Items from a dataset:
------------------------
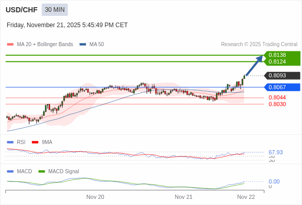 美元/瑞郎 当日内 : 看涨,当 0.8067 为支撑位。
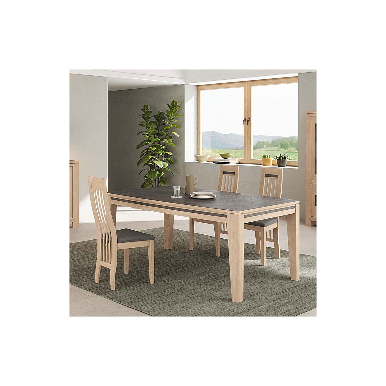 La collection Milos est en chêne massif (montants, socle, façade portes et tiroirs) et placage chêne véritable. Vernis chêne naturel, plateau et façade avec incrustation céramique. Encadrement de table et piétement en chêne massif ou placage selon version.
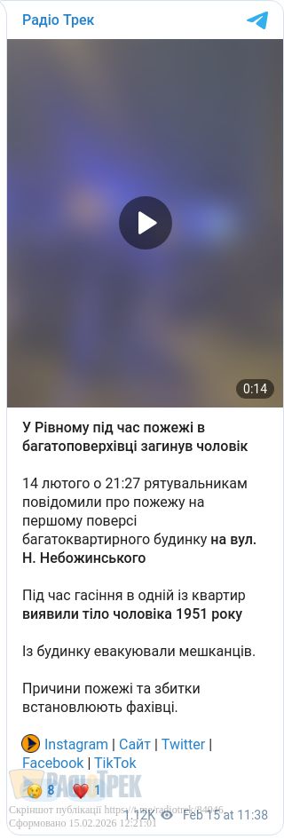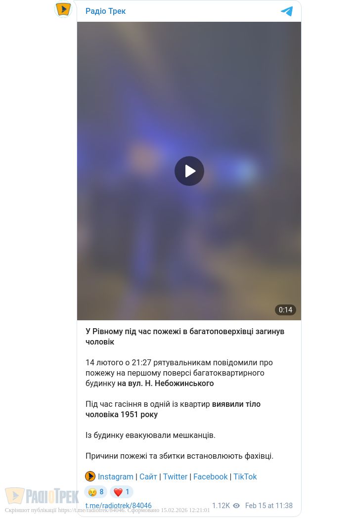 У Рівному під час пожежі в багатоповерхівці загинув чоловік.
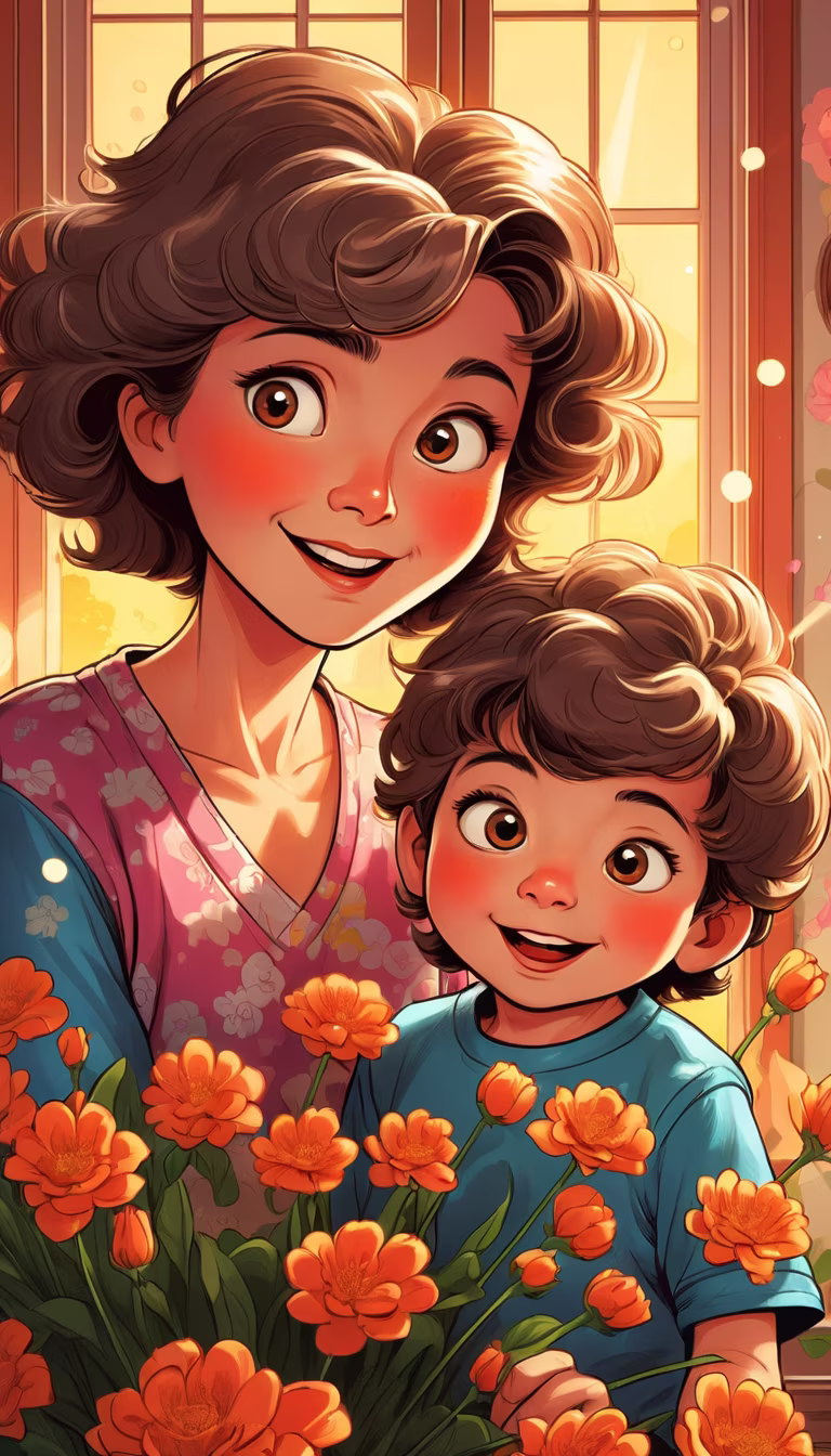 Prompt: Mother's Day poster, cute child gives flowers to beautiful mom with big wavy hair and big sparkling eyes, background in a warm home, perspective, chiaroscuro, warm tones, bright background
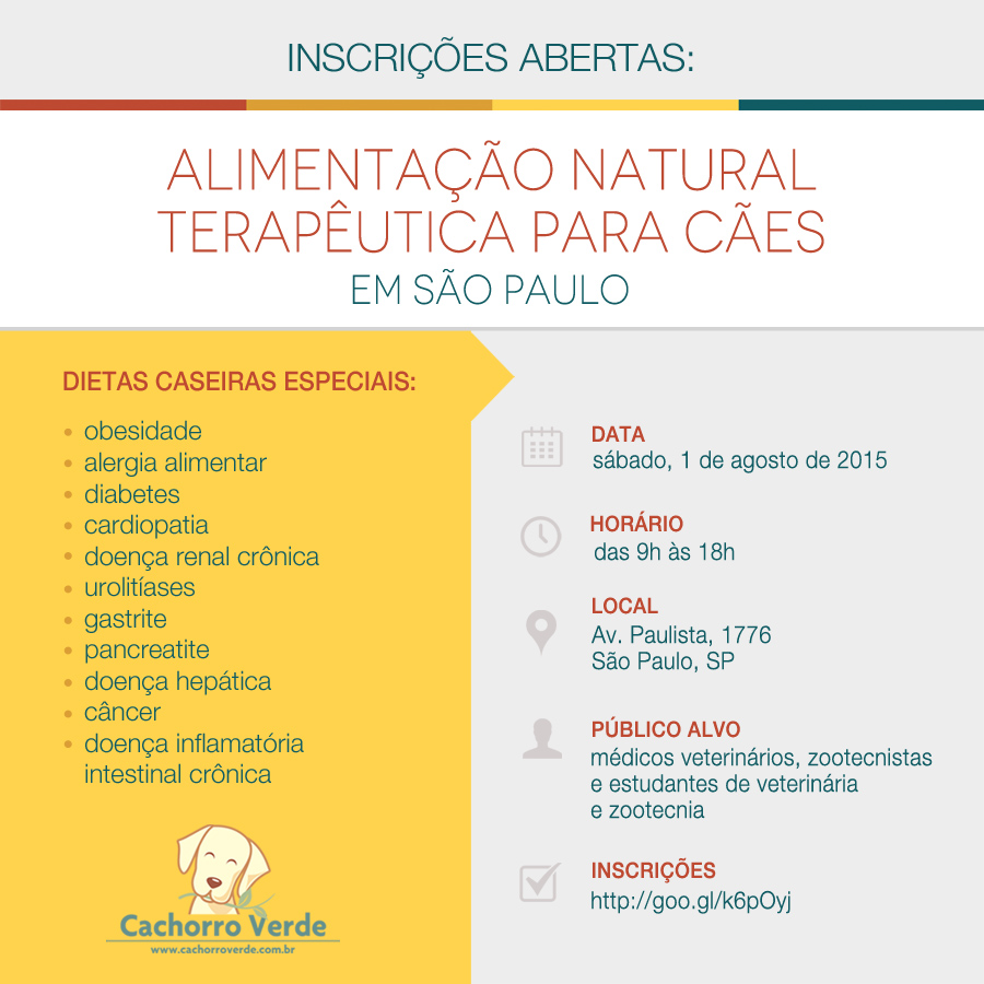 É com muita satisfação que anunciamos a inauguração do nosso terceiro curso, dedicado às dietas caseiras naturais terapêuticas para cães e voltado exclusivamente a veterinários e zootecnistas (formados e estudantes).
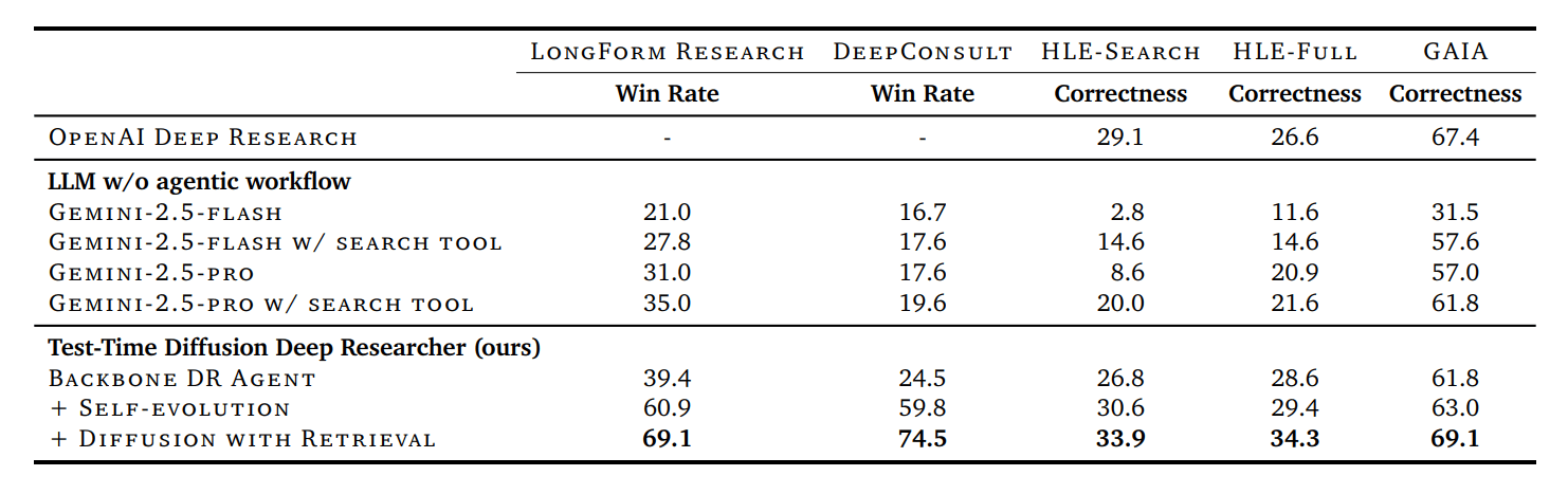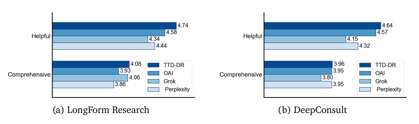 성능 결과 수치를 기준으로, TTD-DR은 기존의 딥 리서치(Deep Research) 에이전트들을 능가하는 수준을 보여주고 있습니다.
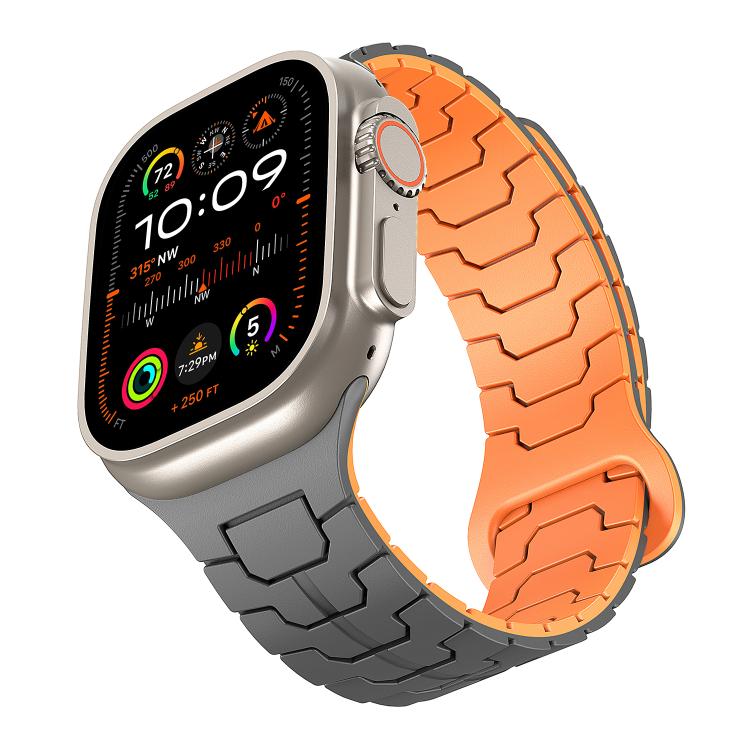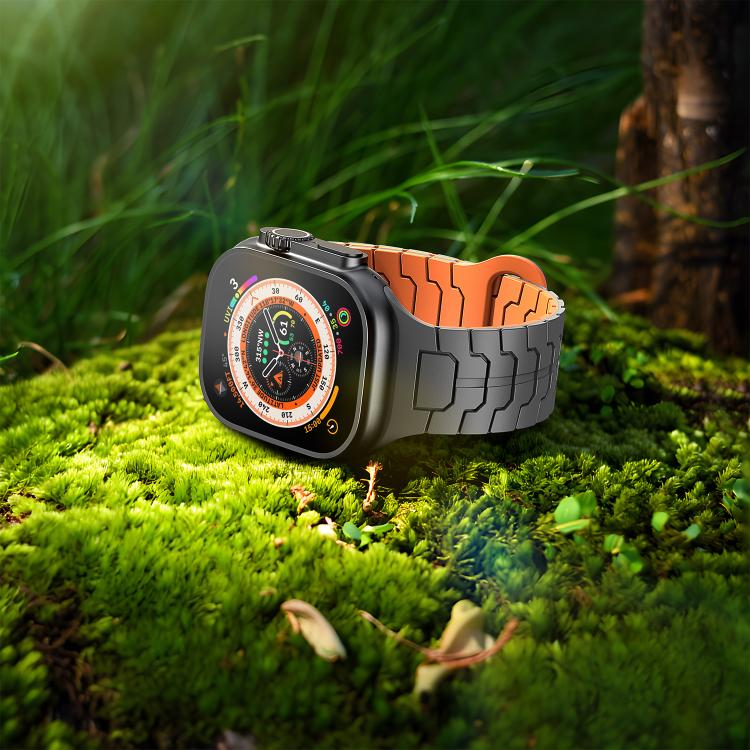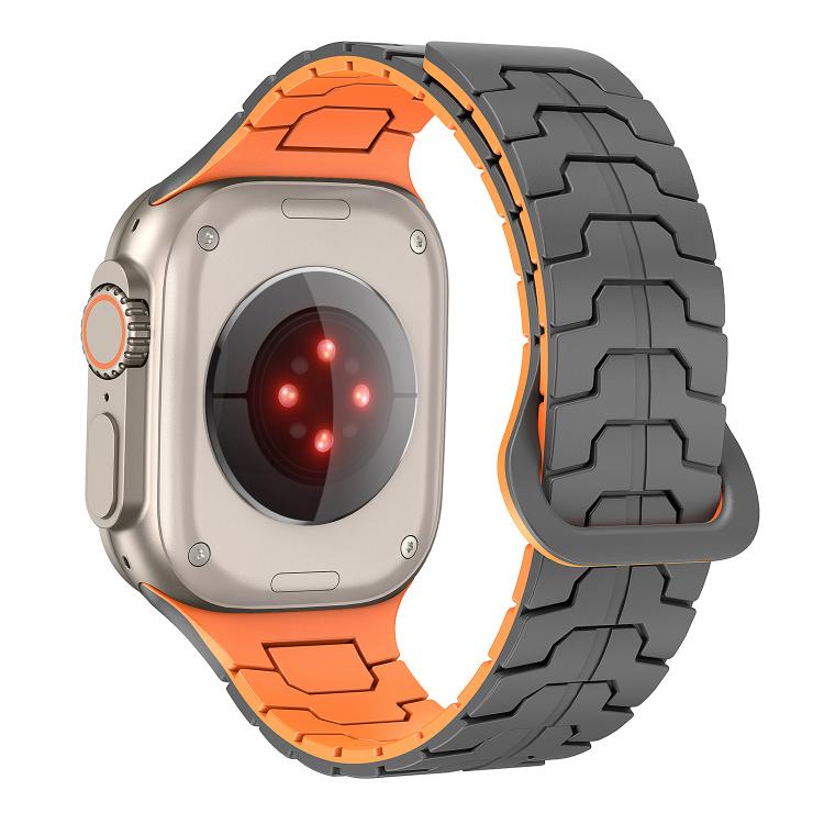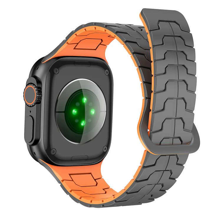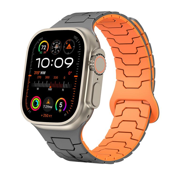 Correa de silicona magnética con diseño de escamas de dragón de acero para Apple Watch de 46 mm, 49 mm, 45 mm y 44 mm (gris grafito y naranja)
------------------------
Would you transcribe all of the data exactly, omitting any pictures?

 美元/瑞郎 当日内 : 看涨,当 0.8067 为支撑位。
 La collection Milos est en chêne massif (montants, socle, façade portes et tiroirs) et placage chêne véritable. Vernis chêne naturel, plateau et façade avec incrustation céramique. Encadrement de table et piétement en chêne massif ou placage selon version.
 У Рівному під час пожежі в багатоповерхівці загинув чоловік.
 Prompt: Mother's Day poster, cute child gives flowers to beautiful mom with big wavy hair and big sparkling eyes, background in a warm home, perspective, chiaroscuro, warm tones, bright background
 É com muita satisfação que anunciamos a inauguração do nosso terceiro curso, dedicado às dietas caseiras naturais terapêuticas para cães e voltado exclusivamente a veterinários e zootecnistas (formados e estudantes).
 성능 결과 수치를 기준으로, TTD-DR은 기존의 딥 리서치(Deep Research) 에이전트들을 능가하는 수준을 보여주고 있습니다.
 Correa de silicona magnética con diseño de escamas de dragón de acero para Apple Watch de 46 mm, 49 mm, 45 mm y 44 mm (gris grafito y naranja)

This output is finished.